Nuclear Security Summit sexism? 'No women' wait staff rule

World leaders sit around the table at a bilateral meeting at the Nuclear Security Summit at the Hague. But don't worry - they won't be distracted by women wait staff. Photo / AP
World leaders sit around the table at a bilateral meeting at the Nuclear Security Summit at the Hague. But don't worry - they won't be distracted by women wait staff. Photo / AP

Serving world leaders their lunch is a serious affair. No room for "blondes" or women in dresses then, it appears.

The Nuclear Security Summit is taking place in The Hague today and tomorrow, and has brought leaders from 53 countries together to discuss ways of combating nuclear terrorism. The catering company responsible for feeding the leaders and delegates has made a controversial staffing decision: No female serving staff are working in the plenary room where the main talks are being held. Instead, only men over 25 have been given the privilege of serving the working lunches at the World Forum. The decision has sparked outrage on social media in The Netherlands, but why was it made in the first place?

According to Dutch national newspaper the Algemeen Dagblad, the director of the catering company, Hans van der Linde, was looking to create a "uniform" look amongst his staff. They quote him justifying his decision in the following manner: "If 20 gentlemen are serving and three platinum blonde ladies, then that spoils the image.

"The personnel needs to act as reserved as possible, and you can't achieve that by adding a couple of pretty, conspicuous ladies to the mix," he added.

The summit's spokesperson Daphne Kerremans confirmed that the request was made for the serving staff to appear uniform. It was left up to the caterer to choose to staff the plenary events with either all men, or all women.

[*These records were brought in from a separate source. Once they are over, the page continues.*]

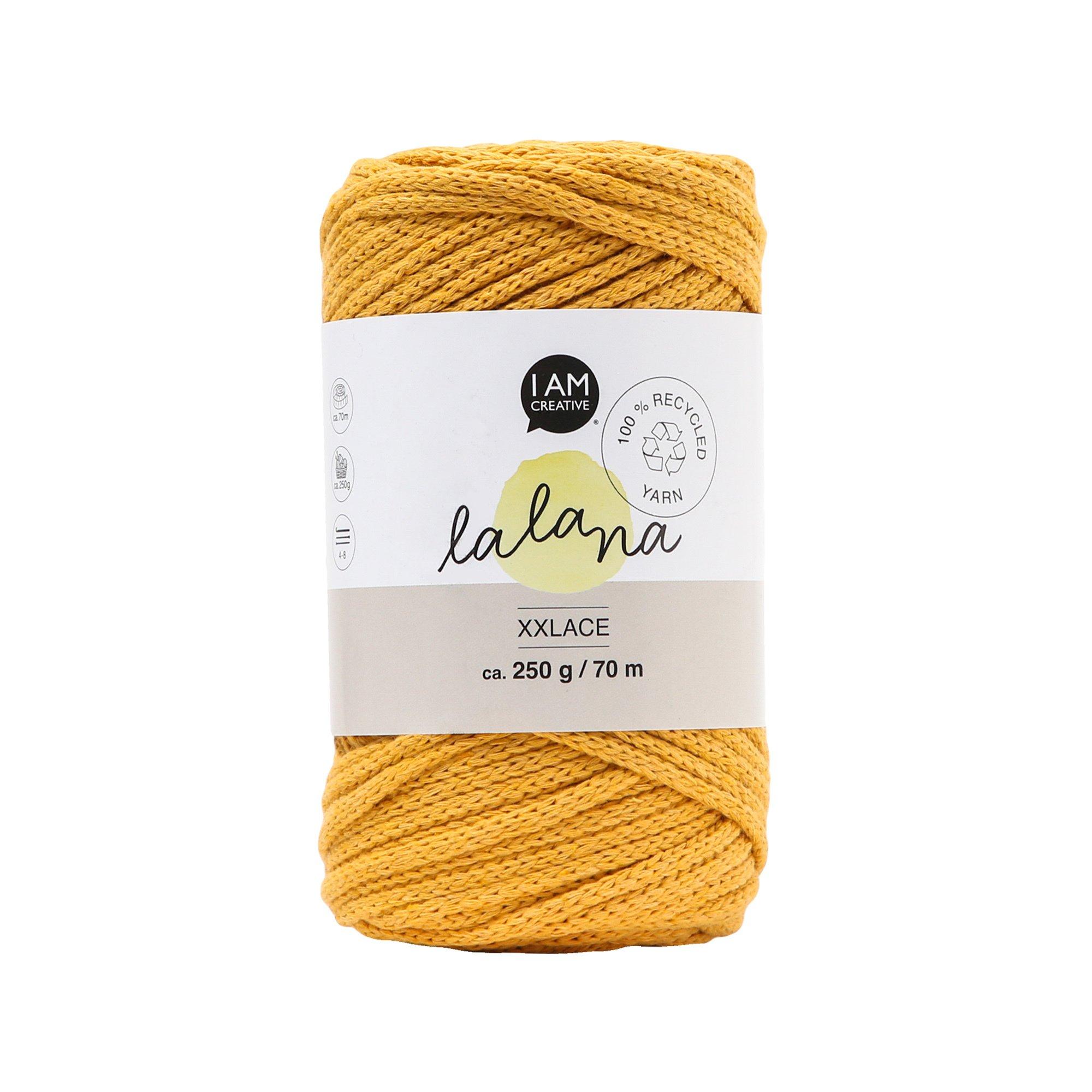 Lalana XXlace ist, wie der Name schon sagt, ein dickeres Kettengarn, mit welchem alles gemacht werden kann. Häkeln, stricken, knüpfen in schönster Farbenpracht. Es ist ein weiches receycletes Garn und ergibt modische Taschen, Necessaires, Körbchen, Kissen usw., zum Häkeln, Stricken, Knüpfen (ohne auskämmen). Netz-, Mode- oder Badetaschen oder Necessaires, aber auch luftige Pullover und dünne Makrameedekorationen ohne Fransen.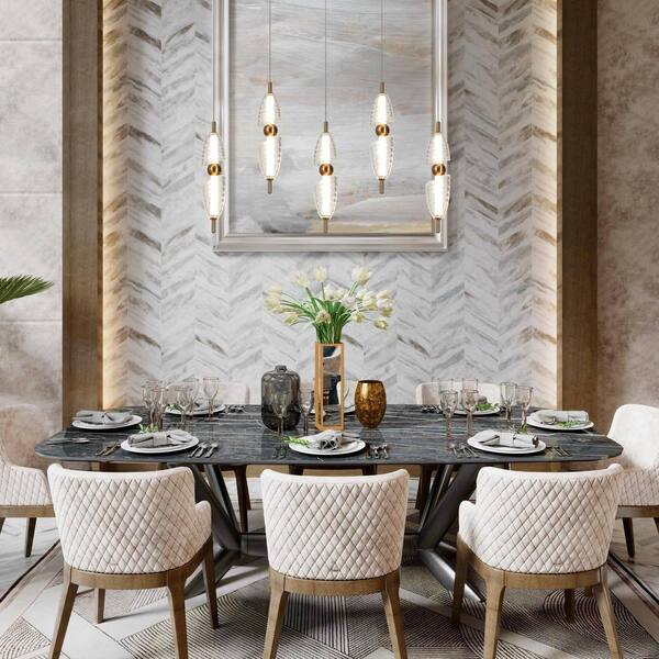 Penstemon 5-Light Dimmable Integrated LED Plating Brass Linear Chandelier with Resin Decorations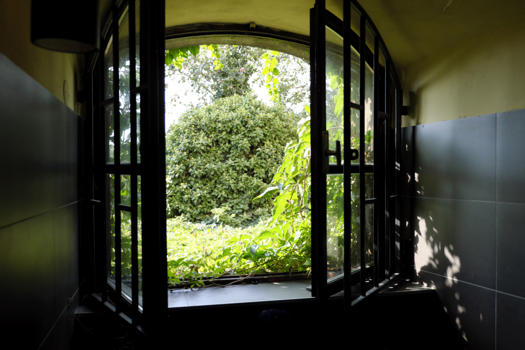 А туалет такой - с видом на яблоневый сад. Под окном, извините, писсуары.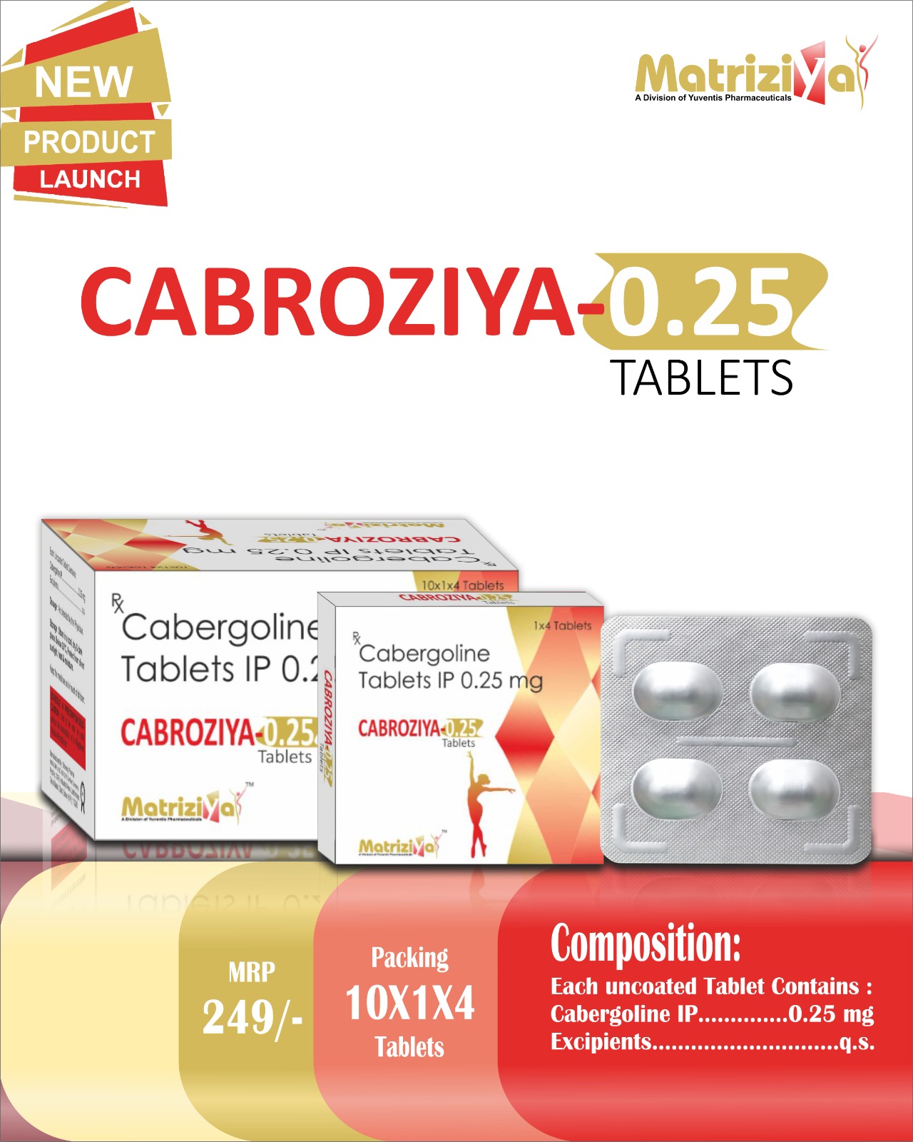 Cabroziya 0.25 | 10*1*4 | Cabergoline 0.25mg Tablets | Details |

In addition to the desire for uniformity, there may be other factors at play, says Jean-Paul Weijers, director of the Protocolbureau that is also involved in the summit. He believes that the decision for all-male staff within the main meeting area could be an attempt to prevent the world leaders from getting distracted. "Everything is taken into consideration when organising such an important gathering. That includes things like this."

In addition, he says that the fact that there are world leaders from the Muslim world present may have influenced the decision making. "They understand that in the West there are different standards, but The Netherlands is a small country that is used to adapting quickly to bigger countries."

The news unleashed a Twitter storm, with critics calling the decision 'un-Dutch' and a violation of human rights.

In an attempt to clarify himself, van der Linde spoke to Radio 1 about leaving his female employees outside the plenary room. He denied ever mentioning hair colour, and told the station that he had initially come up with "the creative idea to only employ ladies to serve the world leaders, and to have them do that in Delft's Blue little dresses." His idea was apparently rejected by the ministry of Foreign Affairs, who made it clear that a more sober appearance would be appropriate. Van der Linde added: "We also have to go up a very steep flight of stairs, so little dresses wouldn't be practical, as you wouldn't be able to lift your legs high enough".